The OPTETRAK Comprehensive Knee Systems are indicated for use in skeletally mature individuals undergoing primary surgery for total knee replacement due to osteoarthritis, osteonecrosis, rheumatoid arthritis and/or post-traumatic degenerative problems. They are also indicated for revision of failed previous reconstructions where sufficient bone stock and soft tissue integrity are present.

In the USA, the OPTETRAK Comprehensive Knee System is indicated for cemented use only.

The proposed Optetrak Logic 17mm & 19mm Thick Inserts are modifications to Optetrak Logic ultra high molecular weight polyethylene (UHMWPE) tibial insert components cleared per 510(k)s K093360. K110547. K111400. K121307, and K123342.

This submission proposes adding 17mm and 19mm tibial insert options to the existing 9mm-15mm range of Optetrak Logic insert thicknesses. The 17mm and 19mm thick inserts will be provided across the current component size range (size 0 through size 6). Like the predicate devices, the proposed inserts are used in total knee arthroplasty (TKA) with metal femoral components and tibial trays. The thicker inserts are proposed for both posterior-stabilized (Logic PS, Logic PSC) and cruciate-retaining (Logic CR. Logic CRC) product options.

The provided text describes a 510(k) submission for Exactech® Optetrak Logic® 17mm & 19mm Thick Inserts, which are modifications to existing tibial inserts for total knee arthroplasty (TKA). The submission focuses on demonstrating substantial equivalence to predicate devices, primarily through non-clinical performance data.

Here's an analysis of the acceptance criteria and study information:

1. Table of Acceptance Criteria and Reported Device Performance:

Acceptance Criteria (Evaluation)	Reported Device Performance (Activity)
Locking stability	Anterior/posterior liftoff/dissociation testing

2. Sample Size Used for the Test Set and Data Provenance:

The document mentions "engineering studies" and "non-clinical performance data" but does not specify sample sizes for the test set or directly refer to a "test set" in the context of clinical data or human subjects. The evaluation is focused on the device's mechanical properties. The data provenance is non-clinical testing performed by the manufacturer,Exactech, Inc.

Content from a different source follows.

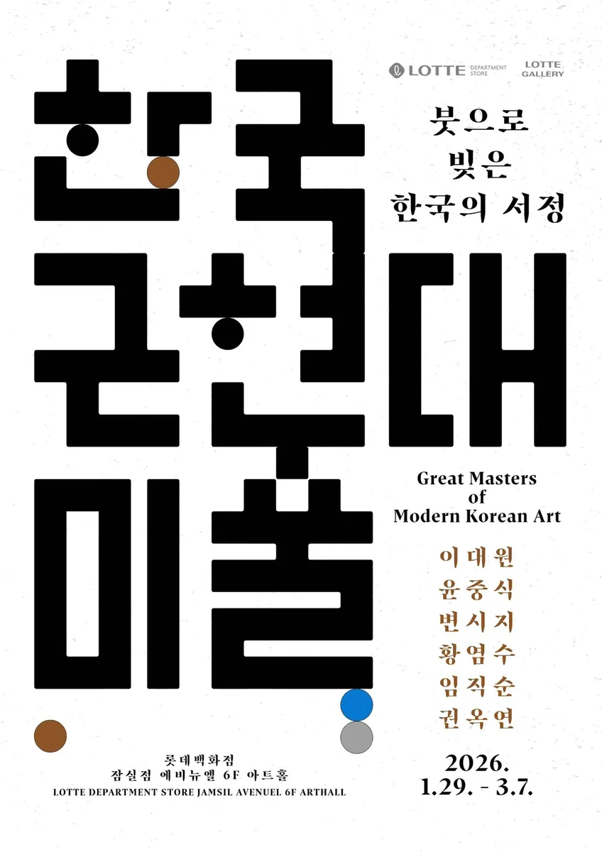 롯데갤러리는 2026년 새해를 여는 첫 전시로 <한국 근현대미술 : 붓으로 빚은 한국의 서정>展을 개최합니다. 한국 미술의 고유한 색을 만들어가던 1970년대와 그 이후, 한국 화단의 형성과 성장에 중요한 토대를 마련한 작가들이 있었습니다. 이번 전시는 이대원을 중심으로 윤중식, 변시지, 권옥연, 임직순, 황염수 등 한국 근현대기 주요 작가 6인의 구상회화를 재조명합니다. 이들 작가는 일제강점기와 한국전쟁이라는 격동의 시대를 통과하며, 일본을 통해 유입된 서구 미술을 어떻게 한국 고유의 조형언어로 전환할 것인가라는 질문과 마주했습니다. 1950년대 후반 본격화된 모더니즘 회화의 흐름 속에서도 이들은 추상 일변도의 경향을 따르기 보다, 우리 땅의 풍토와 정서, 삶의 체험에서 출발한 구상회화를 통해 자신만의 회화적 언어를 구축해 나갔습니다. 이대원의 작품은 강렬하면서도 절제된 색채와 짧고 리듬감 있는 붓질을 통해 자연의 생동과 조형적 질서를 동시에 담아냅니다. 그의 화면은 삶과 자연에 대한 찬미와 회화적 실험이 교차하며, 감각적이고 활기 넘치는 시각적 경험을 제공합니다. 특히 ‘농원’ 연작에서 펼쳐지는 생동감 있는 화면과 풍부한 색채의 향연은 그의 예술 세계의 정수를 보여줍니다. 윤중식의 작업은 실향민으로서의 기억과 상실의 정서를 바탕으로 개인적 체험을 넘어선 시대의 기록으로 읽힙니다. 대동강, 석양, 비둘기, 농촌 풍경 등 반복적으로 등장하는 소재는 갈 수 없는 고향에 대한 애틋한 그리움을 담고 있으며 보는 이로 하여금 깊은 향수를 불러일으킵니다. 한편 '폭풍의 화가'로 불리는 변시지는 제주를 배경으로 인간 존재의 고독과 내면적 사유를 탐구했으며 임직순과 황염수, 권옥연은 화면 안의 조형적 가능성을 확장하며 회화의 서정성과 깊이를 더합니다. 이들의 작업은 구상회화가 단순한 현실 재현에 머무르지 않고, 시대 인식과 미적 태도를 담아내는 의미 있는 표현 방식임을 보여줍니다. 본 전시는 한국 근현대기의 주옥 같은 작품들을 통해 당시의 구상회화가 지닌 미학적 깊이와 시대적 의미를 다시금 되짚고자 합니다. 이번 전시를 통해 한 시대를 살아낸 화가들의 붓끝을 따라가며, 오늘의 시점에서도 여전히 유효한 회화의 감동과 서정을 마주하는 시간이 되기를 바랍니다. *출처:롯데갤러리 잠실점 에비뉴엘아트

3. Number of Experts Used to Establish Ground Truth for the Test Set and Qualifications of Those Experts:

This information is not applicable as the provided text describes non-clinical engineering testing. There is no mention of human experts establishing ground truth for a clinical test set.

4. Adjudication Method for the Test Set:

This information is not applicable as the assessment is based on non-clinical engineering tests, not on human interpretation or clinical adjudication.

5. If a Multi-Reader Multi-Case (MRMC) Comparative Effectiveness Study was Done:

No, a Multi-Reader Multi-Case (MRMC) comparative effectiveness study was not done. The submission is for a medical device modification, and the provided text focuses on engineering studies, not clinical effectiveness studies involving human readers and interpretations.

6. If a Standalone (Algorithm Only Without Human-in-the-Loop Performance) was Done:

This information is not applicable. The device is a physical medical implant (tibial insert), not an algorithm or AI system.

7. The Type of Ground Truth Used:

The "ground truth" for the non-clinical performance data is derived from the results of mechanical and physical testing (e.g., anterior/posterior liftoff/dissociation testing) designed to assess the locking stability of the tibial inserts. This is based on established engineering principles and test methods for medical devices.

8. The Sample Size for the Training Set:

This information is not applicable as the device is a physical medical implant and does not involve a "training set" in the context of machine learning or AI.

9. How the Ground Truth for the Training Set was Established:

This information is not applicable as there is no "training set" for this type of medical device submission.